The presence of physisorbed boehmite nanoparticles and doped boehmite nanoparticles in the treatment solution is adapted to allow the formation of corrosion inhibitor reservoirs in the composite hybrid matrix constituting the anticorrosion coating, said reservoirs being adapted to allow a release. time-controlled corrosion inhibitor. The application of the surface treatment solution of the solid metal substrate is carried out by any means known in itself to those skilled in the art, in particular by soaking / shrinking ("dip coating"), by spraying ("spray-coating "), or by brush, pad or brush application for localized uses as a coating repair of the surface of the solid metal substrate. For the soaking / shrinking technique, the shrinkage rate makes it possible to control the thickness of the deposition of the treatment solution for a viscosity of the given treatment solution. Typically the shrinkage rate varies between 2 and 53 cm / min. The application of several successive layers by successive soaking / withdrawal operations, each soaking / removal operation followed by a drying step, allows the formation, if necessary, of a coating of increased thickness. It is also possible, during the soaking step, to impose a residence time of the solid metal substrate in the treatment solution which is prolonged in order to promote the chemical reactions between the solid metal substrate and the treatment solution. . For example, the extended residence time may vary between 1 and 300 seconds.

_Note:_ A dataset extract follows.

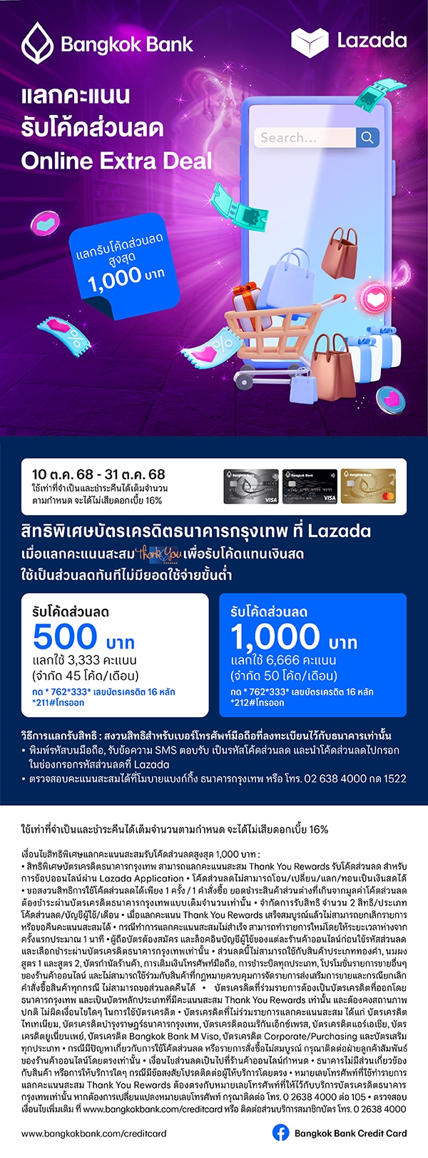 บัตรเครดิตธนาคารกรุงเทพ แลกใช้คะแนนสะสม Thank You Rewards รับโค้ดส่วนลดใช้เป็นส่วนลดทันที ไม่มียอดใช้จ่ายขั้นต่ำที่ Lazada

For the spraying technique, the thickness of the deposits is controlled by the viscosity of the treatment solution, the sputtering parameters, especially the pressure, the flow rate, the geometric characteristics of the spray nozzles, and the speed of the spray. moving the nozzles facing the surface of the solid metal substrate and the number of nozzles passing the surface of the solid metal substrate. The application of the treatment solution can be carried out manually or be robotized according to conventional techniques. For the technique of manual application by brush, pad or brush, the thickness of the deposit is controlled by the viscosity of the treatment solution and by the number of successive applications on the surface of the solid metal substrate.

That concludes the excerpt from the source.